--- Exercise ---
When you reach the records below, output every one exactly as written but leave out any pictures.
------------
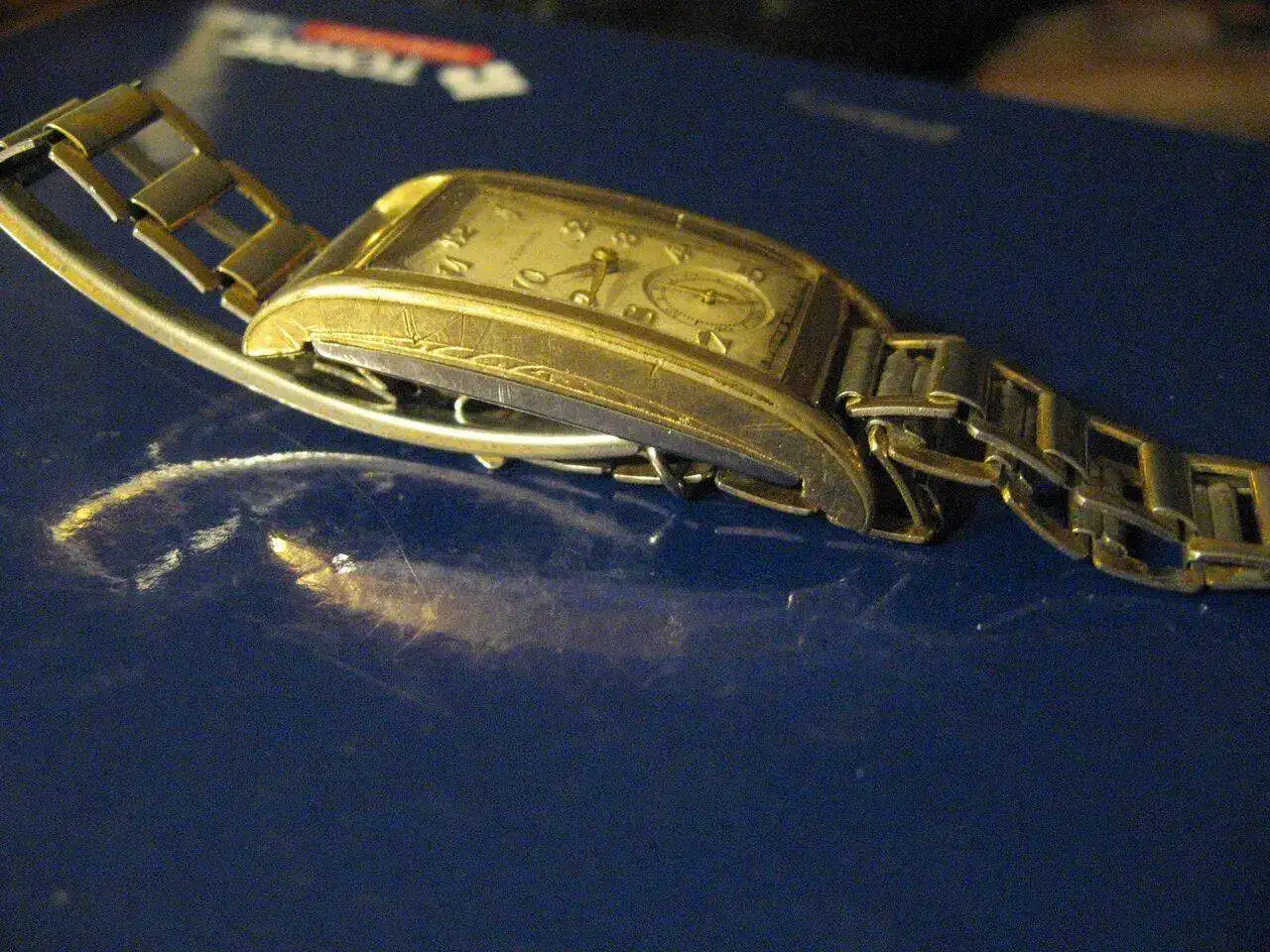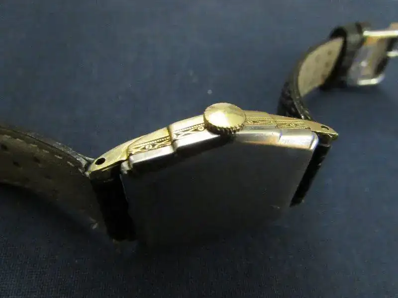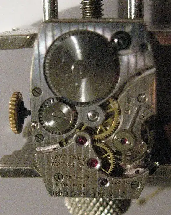 En este reloj , de la marca Tavannes ( relacionada con Cyma) se llevó la idea al extremo de alargar la caja del reloj a una forma rectangular, 2:1 , doble de largo que el ancho) , con los consiguientes problemas de largo de las agujas que, manifiestamente marcan muy bien en las zonas ecuatoriales de la esfera pero, no son legibles hacia los extremos polares ( de 10 a 14 hrs. Por ejemplo la lectura minutera resulta imposible de precisar directamente…). Sus numerales horarios son manifiestamente del tipo Breguet , muy sobresalientes en una suerte de escalerilla lateral a ambos costados de la longitud del rectángulo de la esfera..
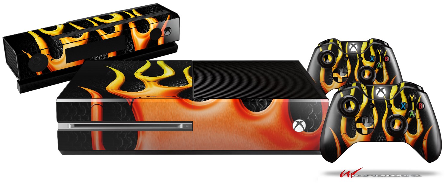 Metal Flames - Holiday Bundle Decal Style Skin fits XBOX One Console Original, Kinect and 2 Controllers (XBOX SYSTEM NOT INCLUDED)
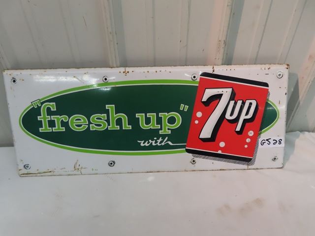 1960 Metal Embossed 7 UP Sign 9.5"x 24"
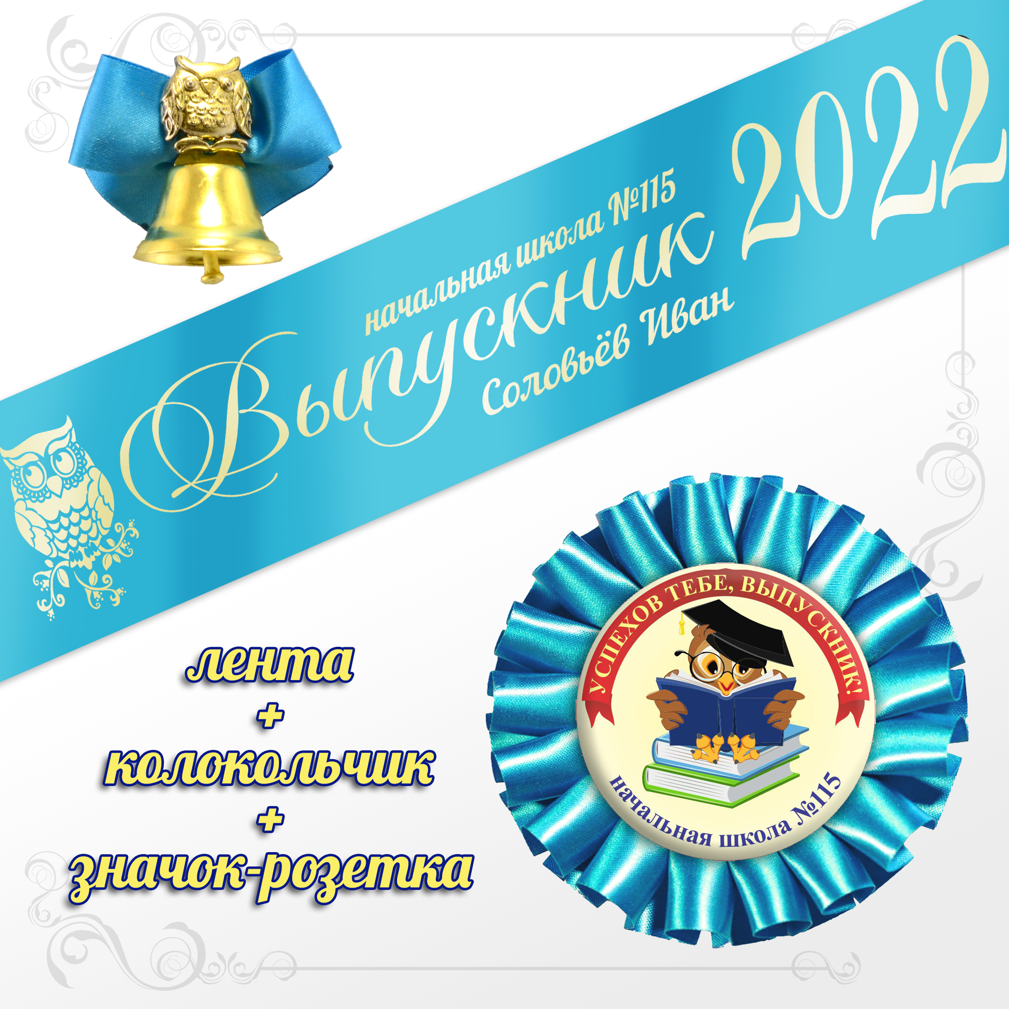 - В наборе: атласная лента с фамилией, именем и с названием или номером учебного заведения, колокольчик, значок-розетка
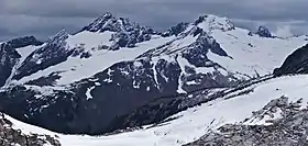 Luahna Peak from High Pass. True summit and Pilz Glacier on left; Luahna's northwest summit (aka "Chalangin Peak") and Butterfly Glacier on right
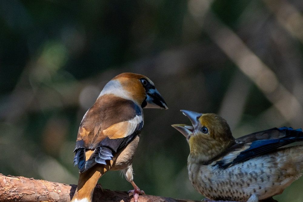 This Apple Finch is feeding the young Apple Finch.
------------
--- Reply to the exercise ---
 En este reloj , de la marca Tavannes ( relacionada con Cyma) se llevó la idea al extremo de alargar la caja del reloj a una forma rectangular, 2:1 , doble de largo que el ancho) , con los consiguientes problemas de largo de las agujas que, manifiestamente marcan muy bien en las zonas ecuatoriales de la esfera pero, no son legibles hacia los extremos polares ( de 10 a 14 hrs. Por ejemplo la lectura minutera resulta imposible de precisar directamente…). Sus numerales horarios son manifiestamente del tipo Breguet , muy sobresalientes en una suerte de escalerilla lateral a ambos costados de la longitud del rectángulo de la esfera..
 Metal Flames - Holiday Bundle Decal Style Skin fits XBOX One Console Original, Kinect and 2 Controllers (XBOX SYSTEM NOT INCLUDED)
 1960 Metal Embossed 7 UP Sign 9.5"x 24"
 - В наборе: атласная лента с фамилией, именем и с названием или номером учебного заведения, колокольчик, значок-розетка
 Luahna Peak from High Pass. True summit and Pilz Glacier on left; Luahna's northwest summit (aka "Chalangin Peak") and Butterfly Glacier on right
 This Apple Finch is feeding the young Apple Finch.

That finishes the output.